Un économiste contemporain, qui a toujours fait preuve d’un grand penchant à justifier les faits historiques et à indemniser nos pères d’une partie des fautes qu’on leur attribue, Roscher, a donné avec sa sagacité habituelle toutes les raisons qui peuvent faire croire que l’acte de navigation, si nuisible qu’il ait pu être au commerce et à l’industrie en général, a exercé une heureuse influence sur la marine anglaise. Nous reproduisons d’après lui ces raisons : plus le voyage qu’un vaisseau doit faire est long, dit Roscher, plus on doit l’équiper fortement ; d’où il résulte qu’un chiffre donné de tonneaux emploie plus de marins dans le commerce colonial que dans le commerce avec les contrées voisines. Dans un long voyage qui dure six mois les matelots sont bien plus longtemps en service actif et bien moins longtemps dans les ports que pendant trois courts voyages de deux mois : or ce qui forme les matelots, c’est le service sur mer ; pour les longs voyages on emploie des vaisseaux plus grands et d’un plus fort tonnage, qui se convertissent plus facilement en vaisseaux de guerre. Un vaisseau marchand, qui a vingt hommes d’équipage, peut bien plus facilement céder une demi-douzaine de matelots à la marine militaire que cinq vaisseaux marchands qui n’ont que quatre hommes chacun.

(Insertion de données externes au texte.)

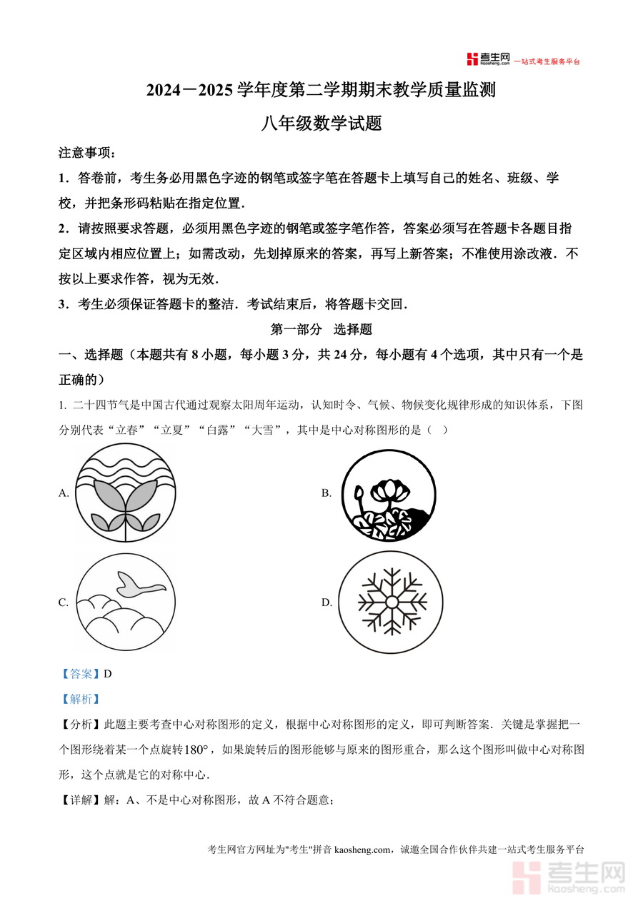 《精品解析:广东省深圳市南山区2024-2025学年八年级下学期数学期末试卷(解析版).docx》是一份聚焦南山区八年级数学期末考情、整合完整真题与深度解析核心考点内容备考资料。文件包含选择题(24分)、填空题(15分)及解答题(61分)三大板块,覆盖中心对称图形判断、不等式性质应用、分式方程求解等基础题型,也涵盖平行四边形判定、"智慧数"新定义等重难点;解析部分标注考点出处及易错提示,如角平分线作图性质应用步骤拆解,帮助学生把握命题方向与解题逻辑。

Enfin les marchandises que l’on exporte pour les colonies ou qu’on y va chercher sont en général d’un volume et d’un poids considérable relativement à leur valeur, ce qui donne un fret plus important. De tous ces arguments il résulte, selon Roscher, qu’au point de vue purement politique et à ne considérer que le développement de la marine militaire, l’Angleterre avait un intérêt évident à se réserver exclusivement le commerce de transport avec ses colonies au risque de perdre ou de diminuer son commerce avec les autres contrées d’Europe. 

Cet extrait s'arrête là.